» **Description of the task**: Output every record word for word.

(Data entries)

########################################

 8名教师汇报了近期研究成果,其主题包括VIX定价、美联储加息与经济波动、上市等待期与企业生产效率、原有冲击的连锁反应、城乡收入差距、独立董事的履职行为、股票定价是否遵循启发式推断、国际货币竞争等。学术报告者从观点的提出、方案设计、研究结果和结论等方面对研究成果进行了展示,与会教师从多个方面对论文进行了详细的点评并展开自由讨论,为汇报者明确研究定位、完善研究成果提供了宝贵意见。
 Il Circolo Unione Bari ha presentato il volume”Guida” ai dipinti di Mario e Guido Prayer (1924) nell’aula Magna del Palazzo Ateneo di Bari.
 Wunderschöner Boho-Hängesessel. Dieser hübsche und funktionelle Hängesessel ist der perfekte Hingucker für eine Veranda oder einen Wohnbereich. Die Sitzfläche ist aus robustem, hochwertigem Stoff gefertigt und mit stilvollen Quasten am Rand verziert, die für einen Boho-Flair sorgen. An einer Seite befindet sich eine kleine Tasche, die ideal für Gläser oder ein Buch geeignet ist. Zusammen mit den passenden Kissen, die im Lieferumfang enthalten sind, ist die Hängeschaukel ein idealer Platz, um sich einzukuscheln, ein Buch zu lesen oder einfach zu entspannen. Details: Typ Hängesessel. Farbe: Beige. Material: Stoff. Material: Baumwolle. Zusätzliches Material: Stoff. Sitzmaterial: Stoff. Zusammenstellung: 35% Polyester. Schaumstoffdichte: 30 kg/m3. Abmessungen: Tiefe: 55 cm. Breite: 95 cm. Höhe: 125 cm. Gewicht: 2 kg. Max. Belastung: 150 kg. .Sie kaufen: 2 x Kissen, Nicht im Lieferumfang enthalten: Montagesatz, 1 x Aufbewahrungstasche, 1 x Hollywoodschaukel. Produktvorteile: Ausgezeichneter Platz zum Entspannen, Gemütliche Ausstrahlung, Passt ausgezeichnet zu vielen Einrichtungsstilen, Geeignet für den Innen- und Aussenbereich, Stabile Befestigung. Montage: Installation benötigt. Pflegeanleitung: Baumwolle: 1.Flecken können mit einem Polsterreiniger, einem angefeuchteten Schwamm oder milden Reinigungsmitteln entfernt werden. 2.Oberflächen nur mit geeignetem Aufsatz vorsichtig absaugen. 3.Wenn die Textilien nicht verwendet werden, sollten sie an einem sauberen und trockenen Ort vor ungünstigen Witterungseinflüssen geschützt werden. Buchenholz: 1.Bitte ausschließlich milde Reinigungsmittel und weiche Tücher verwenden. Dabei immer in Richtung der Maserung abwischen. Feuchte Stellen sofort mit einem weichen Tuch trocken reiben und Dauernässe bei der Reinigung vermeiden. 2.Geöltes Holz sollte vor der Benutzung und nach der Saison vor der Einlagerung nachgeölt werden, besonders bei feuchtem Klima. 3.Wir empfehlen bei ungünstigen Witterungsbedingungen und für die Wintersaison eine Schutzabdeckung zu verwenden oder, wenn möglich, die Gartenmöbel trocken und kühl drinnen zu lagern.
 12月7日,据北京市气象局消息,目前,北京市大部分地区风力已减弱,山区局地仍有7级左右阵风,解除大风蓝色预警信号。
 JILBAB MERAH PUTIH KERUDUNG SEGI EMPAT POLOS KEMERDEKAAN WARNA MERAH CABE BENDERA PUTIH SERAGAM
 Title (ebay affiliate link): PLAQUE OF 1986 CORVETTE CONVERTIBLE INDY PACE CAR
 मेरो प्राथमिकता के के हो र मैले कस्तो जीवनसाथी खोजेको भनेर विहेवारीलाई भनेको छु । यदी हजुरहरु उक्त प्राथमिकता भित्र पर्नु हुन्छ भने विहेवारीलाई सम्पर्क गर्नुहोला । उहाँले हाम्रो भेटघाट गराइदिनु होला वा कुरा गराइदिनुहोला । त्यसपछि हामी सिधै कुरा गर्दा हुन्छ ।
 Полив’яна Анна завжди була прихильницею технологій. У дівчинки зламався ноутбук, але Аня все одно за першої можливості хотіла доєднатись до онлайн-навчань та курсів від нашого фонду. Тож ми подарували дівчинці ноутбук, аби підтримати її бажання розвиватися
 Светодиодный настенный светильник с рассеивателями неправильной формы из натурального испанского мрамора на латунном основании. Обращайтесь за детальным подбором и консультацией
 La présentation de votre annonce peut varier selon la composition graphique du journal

########################################

» **Solution to this task**:
 8名教师汇报了近期研究成果,其主题包括VIX定价、美联储加息与经济波动、上市等待期与企业生产效率、原有冲击的连锁反应、城乡收入差距、独立董事的履职行为、股票定价是否遵循启发式推断、国际货币竞争等。学术报告者从观点的提出、方案设计、研究结果和结论等方面对研究成果进行了展示,与会教师从多个方面对论文进行了详细的点评并展开自由讨论,为汇报者明确研究定位、完善研究成果提供了宝贵意见。
 Il Circolo Unione Bari ha presentato il volume”Guida” ai dipinti di Mario e Guido Prayer (1924) nell’aula Magna del Palazzo Ateneo di Bari.
 Wunderschöner Boho-Hängesessel. Dieser hübsche und funktionelle Hängesessel ist der perfekte Hingucker für eine Veranda oder einen Wohnbereich. Die Sitzfläche ist aus robustem, hochwertigem Stoff gefertigt und mit stilvollen Quasten am Rand verziert, die für einen Boho-Flair sorgen. An einer Seite befindet sich eine kleine Tasche, die ideal für Gläser oder ein Buch geeignet ist. Zusammen mit den passenden Kissen, die im Lieferumfang enthalten sind, ist die Hängeschaukel ein idealer Platz, um sich einzukuscheln, ein Buch zu lesen oder einfach zu entspannen. Details: Typ Hängesessel. Farbe: Beige. Material: Stoff. Material: Baumwolle. Zusätzliches Material: Stoff. Sitzmaterial: Stoff. Zusammenstellung: 35% Polyester. Schaumstoffdichte: 30 kg/m3. Abmessungen: Tiefe: 55 cm. Breite: 95 cm. Höhe: 125 cm. Gewicht: 2 kg. Max. Belastung: 150 kg. .Sie kaufen: 2 x Kissen, Nicht im Lieferumfang enthalten: Montagesatz, 1 x Aufbewahrungstasche, 1 x Hollywoodschaukel. Produktvorteile: Ausgezeichneter Platz zum Entspannen, Gemütliche Ausstrahlung, Passt ausgezeichnet zu vielen Einrichtungsstilen, Geeignet für den Innen- und Aussenbereich, Stabile Befestigung. Montage: Installation benötigt. Pflegeanleitung: Baumwolle: 1.Flecken können mit einem Polsterreiniger, einem angefeuchteten Schwamm oder milden Reinigungsmitteln entfernt werden. 2.Oberflächen nur mit geeignetem Aufsatz vorsichtig absaugen. 3.Wenn die Textilien nicht verwendet werden, sollten sie an einem sauberen und trockenen Ort vor ungünstigen Witterungseinflüssen geschützt werden. Buchenholz: 1.Bitte ausschließlich milde Reinigungsmittel und weiche Tücher verwenden. Dabei immer in Richtung der Maserung abwischen. Feuchte Stellen sofort mit einem weichen Tuch trocken reiben und Dauernässe bei der Reinigung vermeiden. 2.Geöltes Holz sollte vor der Benutzung und nach der Saison vor der Einlagerung nachgeölt werden, besonders bei feuchtem Klima. 3.Wir empfehlen bei ungünstigen Witterungsbedingungen und für die Wintersaison eine Schutzabdeckung zu verwenden oder, wenn möglich, die Gartenmöbel trocken und kühl drinnen zu lagern.
 12月7日,据北京市气象局消息,目前,北京市大部分地区风力已减弱,山区局地仍有7级左右阵风,解除大风蓝色预警信号。
 JILBAB MERAH PUTIH KERUDUNG SEGI EMPAT POLOS KEMERDEKAAN WARNA MERAH CABE BENDERA PUTIH SERAGAM
 Title (ebay affiliate link): PLAQUE OF 1986 CORVETTE CONVERTIBLE INDY PACE CAR
 मेरो प्राथमिकता के के हो र मैले कस्तो जीवनसाथी खोजेको भनेर विहेवारीलाई भनेको छु । यदी हजुरहरु उक्त प्राथमिकता भित्र पर्नु हुन्छ भने विहेवारीलाई सम्पर्क गर्नुहोला । उहाँले हाम्रो भेटघाट गराइदिनु होला वा कुरा गराइदिनुहोला । त्यसपछि हामी सिधै कुरा गर्दा हुन्छ ।
 Полив’яна Анна завжди була прихильницею технологій. У дівчинки зламався ноутбук, але Аня все одно за першої можливості хотіла доєднатись до онлайн-навчань та курсів від нашого фонду. Тож ми подарували дівчинці ноутбук, аби підтримати її бажання розвиватися
 Светодиодный настенный светильник с рассеивателями неправильной формы из натурального испанского мрамора на латунном основании. Обращайтесь за детальным подбором и консультацией
 La présentation de votre annonce peut varier selon la composition graphique du journal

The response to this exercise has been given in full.